Brown has set up a taskforce, under former HBOS bank chief executive Sir James Crosby, on identity management, and a broader review of public services, led by Sir David Varney, on optimising use of existing identity information. He is considering a fundamental redesign of the ID project to fight a wider range of crime. He believes that, as private companies acquire biometric security systems, their spread in daily life is inevitable.

'There is going to be a key issue over the next 10 to 15 years about identity management right across the public and private sectors,’ said the source close to Brown, adding that immigration control would be only part of it. ‘It's about people coming to accept that this is not only a necessary but desirable part of modern society over the next 10 years. What [the Tories] are objecting to in the political sphere is going to be absolutely commonplace in the private sphere and saying “it's not the British way” is just not going to work.’

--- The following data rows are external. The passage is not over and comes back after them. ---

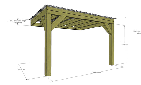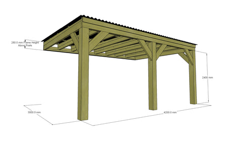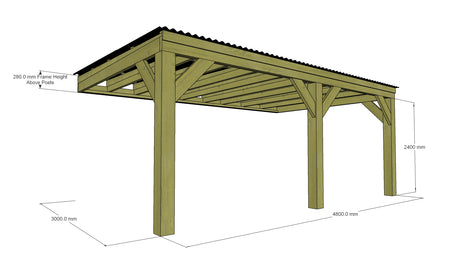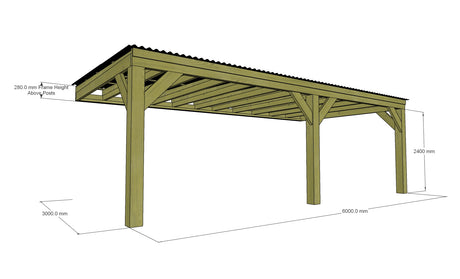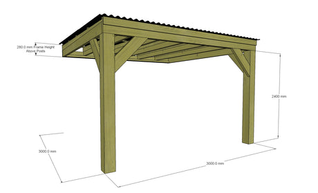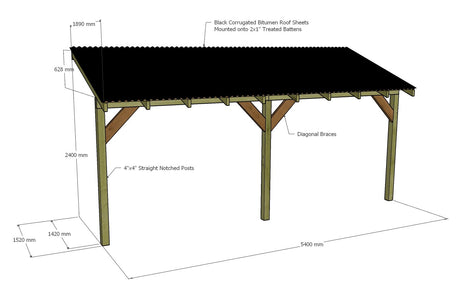 Wooden Lean to Shelter with Black Bitumen Corrugated Roof (3mtr depth, various lengths)
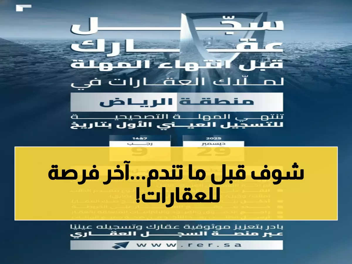 وأكدت الهيئة أن النظام الجديد سيمنح كل وحدة عقارية رقماً خاصاً وصك ملكية يتضمن كافة بياناتها. ووجهت نداءً عاجلاً لجميع الملاك بالتسجيل عبر منصة السجل العقاري الإلكترونية قبل فوات الأوان، محذرة من أن عدم التسجيل خلال الفترة المعلنة سيعرضهم لفرض غرامات مالية.
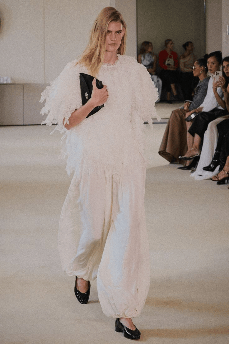 Joseph Altuzarra则展现了「云上舞白」作为工艺载体的另一面。品牌标志性的解构主义与浪漫细节,在白色基底上被凸显无疑。

Brown believes that, if myriad private databases develop, there is a risk that information will leak or be stolen. The Crosby review is looking at safeguards.

Critics said the ID cards project was already too troubled to be expanded. ‘It's a pretty shoddy way of cutting the costs, and it doesn't really alter the fact that all the signs are Whitehall is simply not in a position to deliver even the early stages of an ID card,’ said Nick Clegg, the Liberal Democrat spokesman for home affairs. He said giving the private sector access to centralised databases was a big step towards ‘a full surveillance state’.

David Davis, the shadow home secretary, said: ‘This is an admission that the government's ID card system as it stands is destined to fail without something else to prop it up. It is regrettable that what the government is proposing will actually worsen the assault on privacy without materially improving security.’

Tony Blair's insistence on Thursday that ID cards would be a ‘major plank’ of the next Labour manifesto was seen as an effort to tie Brown into the idea, but it appears Brown is already committed.

The Observer recently disclosed that the company analysing police DNA samples was storing them, despite assurances they would not stay in private hands. However, sharing biometric data with high-street companies would be even more controversial.

If anyone reading this knows Mr. Brown's private source, and if this is what he actually said, could you please mention that in the private sector we actually try really hard not to alienate our customers.  We try to do the things they will want us to do, that they will thank us for having done.  I for one don't have a clue how or why a company like mine would want to be associated with the type of relationship proposed above.  To me it sounds really goofy.

This ID card discussion as presented here needs a complete reset.  It's time to reboot, to install a new bios. 

Let's start all over, and begin by protecting the security of our citizens.  What is privacy except security from the point of view of the individual?  Protecting individual privacy will do more to secure the state than anything else that can be attempted – because it will result in well-designed systems that are impossible for enemies to penetrate.